Everything listed under: Tahoe Gardening

  • Late Winter 2019

    We have closed the shop for the past 4 mid-winters (Christmas-March). I've used the time to catch-up on bookkeeping, administration, filing, orders, articles, hand-outs and a few projects (and have a little free time). We probably won't continue our winter closures in the future (we're here and watering the house plants anyway) and this winter there was certainly NO rest. This week (3/25-30) we emptied the inside of the shop and we're painting the floor. We intend to put it all back together next week and start re-opening a little by 4/4 (10-5). We'll leave a number of items in the POD for an early spring garage sale. Many indoor lighting and hydroponics supplies for 50% off (or more).  

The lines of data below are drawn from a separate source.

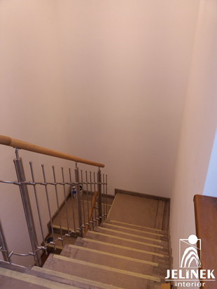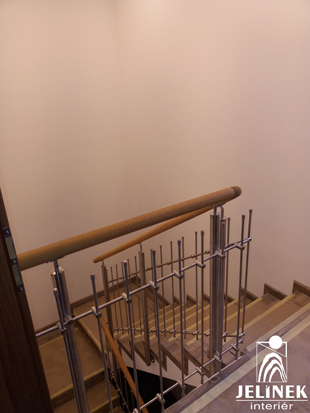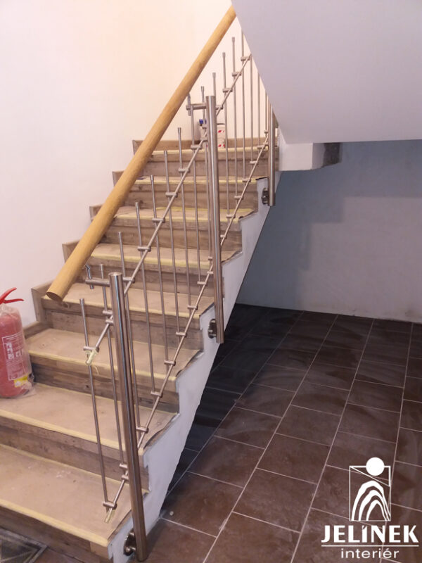 Obklad schodiště s nerezovým zábradlím
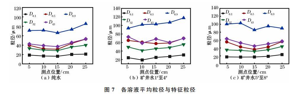 當進入惰性凝結區,噴霧壓力對霧滴的推動能力逐漸微弱,霧場中出現霧滴凝結沉降或細顆粒蒸發消失,粒徑開始增大。純水、礦井水1#至4#和礦井水5#至8#的霧化區粒徑臨界點分別為18cm、14.5cm、8.5cm,分布范圍差異明顯。這是由于Na+、K+離子濃度差異導致在噴霧過程中各組溶液所受表面張力不同,這表明霧化特性隨表面張力減小而明顯改善,在相同壓力下,較小的表面張力產生更快的噴射速度,迫使噴霧與空氣更充分相互作用并使霧化過程更完整。綜上所述,溶液表面張力決定噴霧形成過程中的破碎程度,從而影響霧化區范圍和噴霧霧化特性。
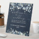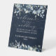 Navy Blue Peony & Silver Fancy Font Calligraphy Pedestal Sign
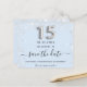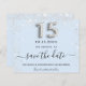 Ett giftigt och trendig Spara datumkortet för en Quinceañera, 15:e födelsedagsfesten. Blåblå bakgrund som dekoreras med faux glitter stoft. Anpassa och lägg till datum och namn/ålder. Texten: Spara datumet skrivs med ett stort trendig-handskript i stil. Nummer 15 med ett stil-teckensnitt med ballong.
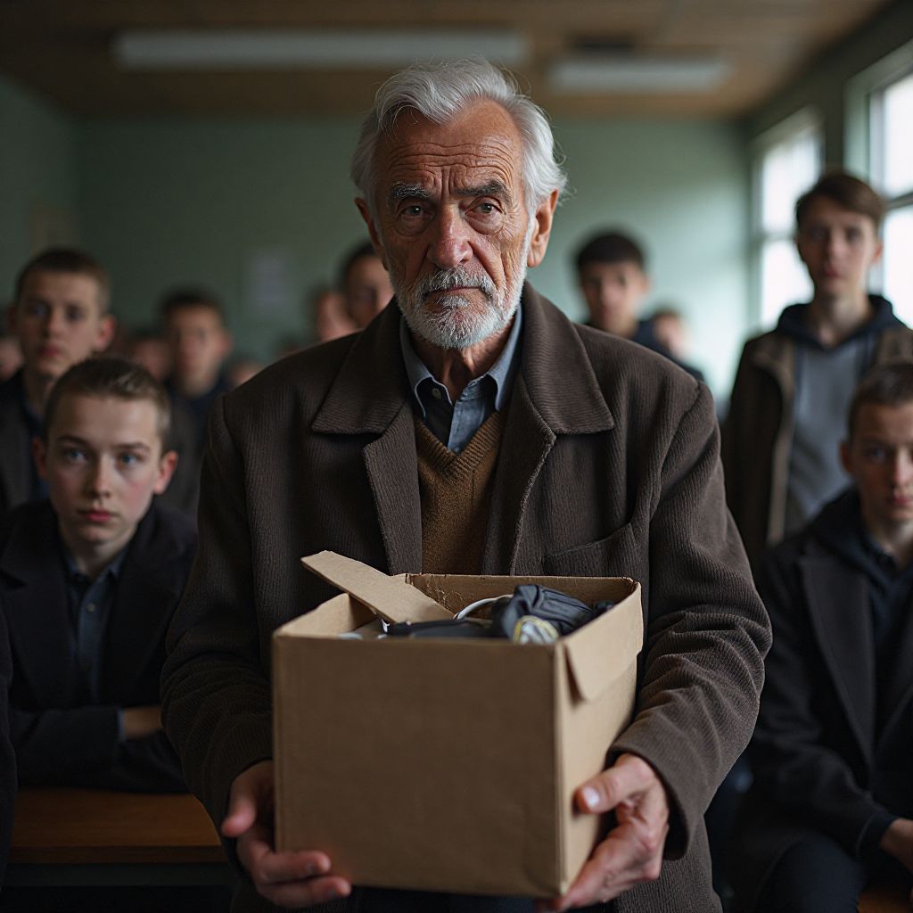 Старик остановился у входа в класс, где уже собирались дети и учителя. Его лицо оставалось неподвижным, но внутренне чувствовалась напряжённая борьба — сердце билося часто, дыхание учащалось, а пальцы сжимали ручку сумки до белизны. Мысли мелькали в голове: «Что они обо мне подумают? Смогут ли понять моё послание? Или отвергнут, как и всегда?» Несмотря на груз лет и бедности, он знал, что пришло время. Время сказать правду, которая прорежет тишину и заставит всех слушать.
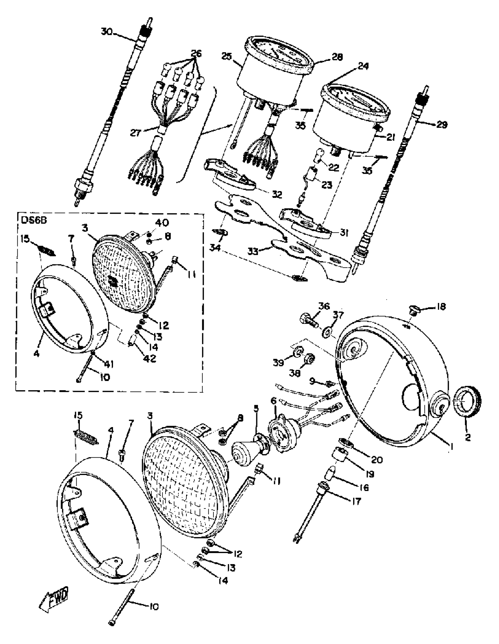 Yamaha DS6C (DS6C) 1969 HEADLAMP, SPEEDOMETER & TACHOMETER Diagram
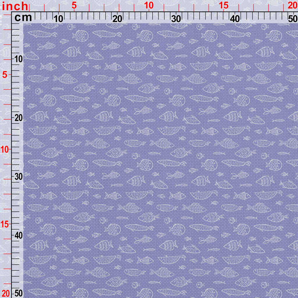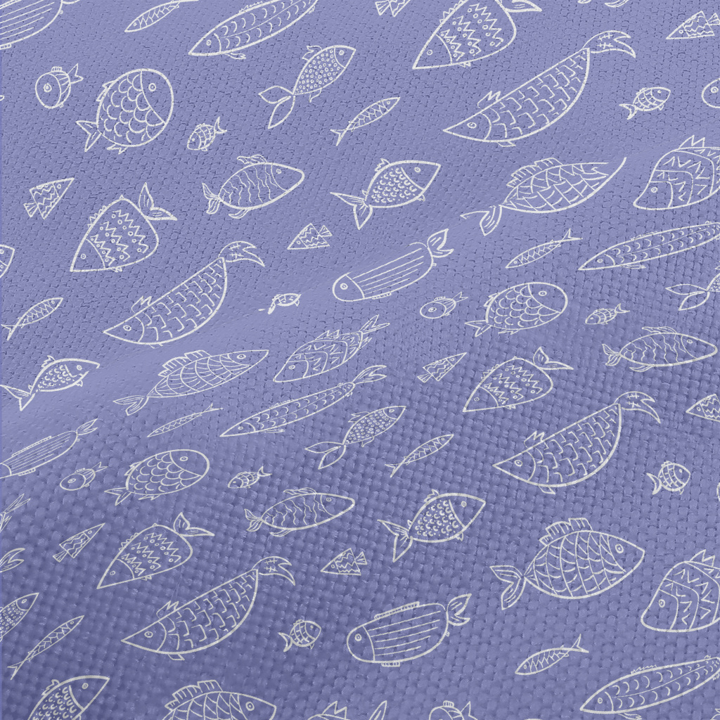 白色線條魚群麻布(幅寬150公分)
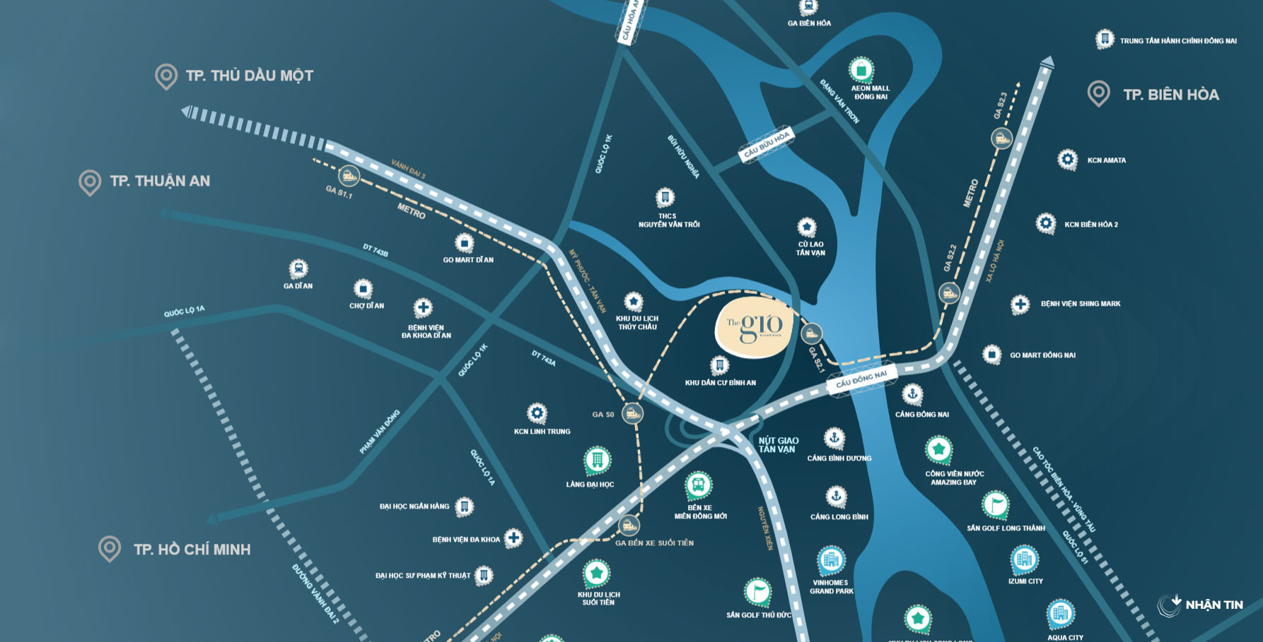 - 5 phút: Trung tâm hành chính Đồng Nai, Big C, Trung tâm y tế Tân Vạn, Chợ Ngãi Thắng, Bến xe Miền Đông mới, Ga Dĩ An…

    We'll work on removing the snow from the soils area to bring in our first loads of Topper, Gromulch and Bumper Crop. We have pallets of pottery, statuary, gifts and fertilizers arriving starting next week. There is a truckload of fresh tropical houseplants arriving in mid-April (delayed due to floor). Our 2019 seeds actually started arriving in February. We have seed starting supplies - starting soils, trays, tray covers, peat-pots, vermiculite, perlite, liquid seaweed, etc...  It IS time to start a few types of seeds if you want the "full experience" and the thrill of growing food or flowers from seed to harvest. It's also the least expensive way to go about it. If you choose to wait, we will have seedlings of appropriate plants available for sale as planting timing dictates.
    Late winter seedingStart these seeds indoors from late February through April. Plant these seedlings outdoor starting in mid-late April: broccoli, brussels sprouts, cabbage, cauliflower, kale, Calendula.  Plant seedlings in early May: celery, leek, lettuce, onion. Start seeds in March for planting mid to late May (with frost protection): pepper, eggplant, tomatillo, and tomato. Hardy annuals and perennial seeds can be started now for planting into the garden in early May.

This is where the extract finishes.